- _GIVEN RECORDS_
————————
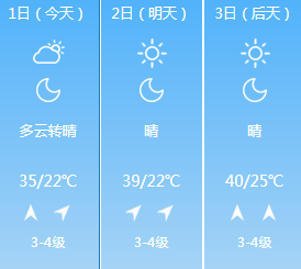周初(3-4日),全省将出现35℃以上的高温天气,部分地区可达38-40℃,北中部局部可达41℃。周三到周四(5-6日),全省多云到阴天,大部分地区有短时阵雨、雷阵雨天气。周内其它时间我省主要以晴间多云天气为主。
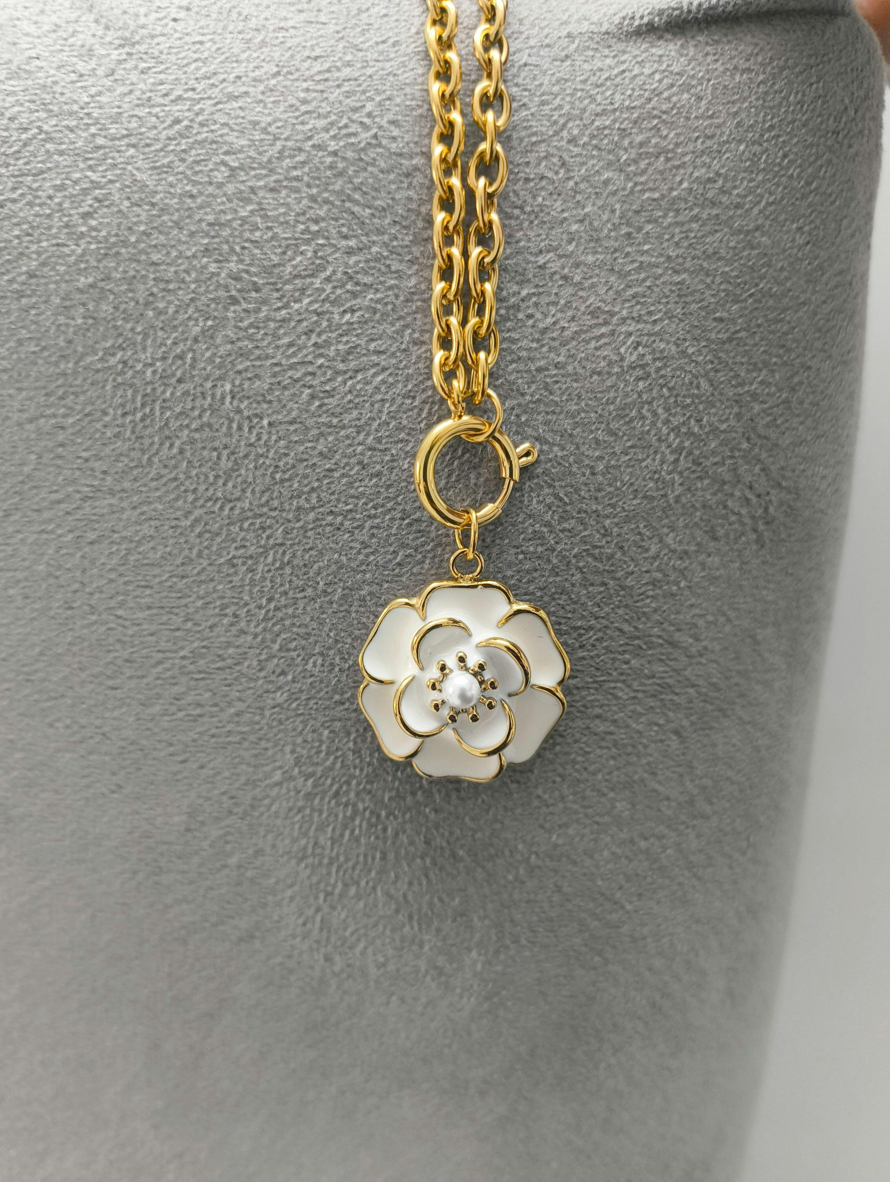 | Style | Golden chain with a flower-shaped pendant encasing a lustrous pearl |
————————
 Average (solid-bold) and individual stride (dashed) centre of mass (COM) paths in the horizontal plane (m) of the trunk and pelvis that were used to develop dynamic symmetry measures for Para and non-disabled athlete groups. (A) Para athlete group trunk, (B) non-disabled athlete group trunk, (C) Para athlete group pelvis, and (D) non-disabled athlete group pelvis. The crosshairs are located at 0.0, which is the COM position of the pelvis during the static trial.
————————
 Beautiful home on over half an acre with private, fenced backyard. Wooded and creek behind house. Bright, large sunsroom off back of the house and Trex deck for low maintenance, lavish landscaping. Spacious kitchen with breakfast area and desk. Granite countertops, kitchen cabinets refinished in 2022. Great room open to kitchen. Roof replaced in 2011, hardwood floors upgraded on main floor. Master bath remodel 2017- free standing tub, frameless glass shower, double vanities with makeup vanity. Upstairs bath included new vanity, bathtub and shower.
————————
- _TASK STATEMENT_
What you write out is the stretch of entries from the line containing "周初(3-4日),全省将出现" to the line containing "lustrous pearl |", word for word, with both end lines and no pictures.

- _SOLUTION_
周初(3-4日),全省将出现35℃以上的高温天气,部分地区可达38-40℃,北中部局部可达41℃。周三到周四(5-6日),全省多云到阴天,大部分地区有短时阵雨、雷阵雨天气。周内其它时间我省主要以晴间多云天气为主。
 | Style | Golden chain with a flower-shaped pendant encasing a lustrous pearl |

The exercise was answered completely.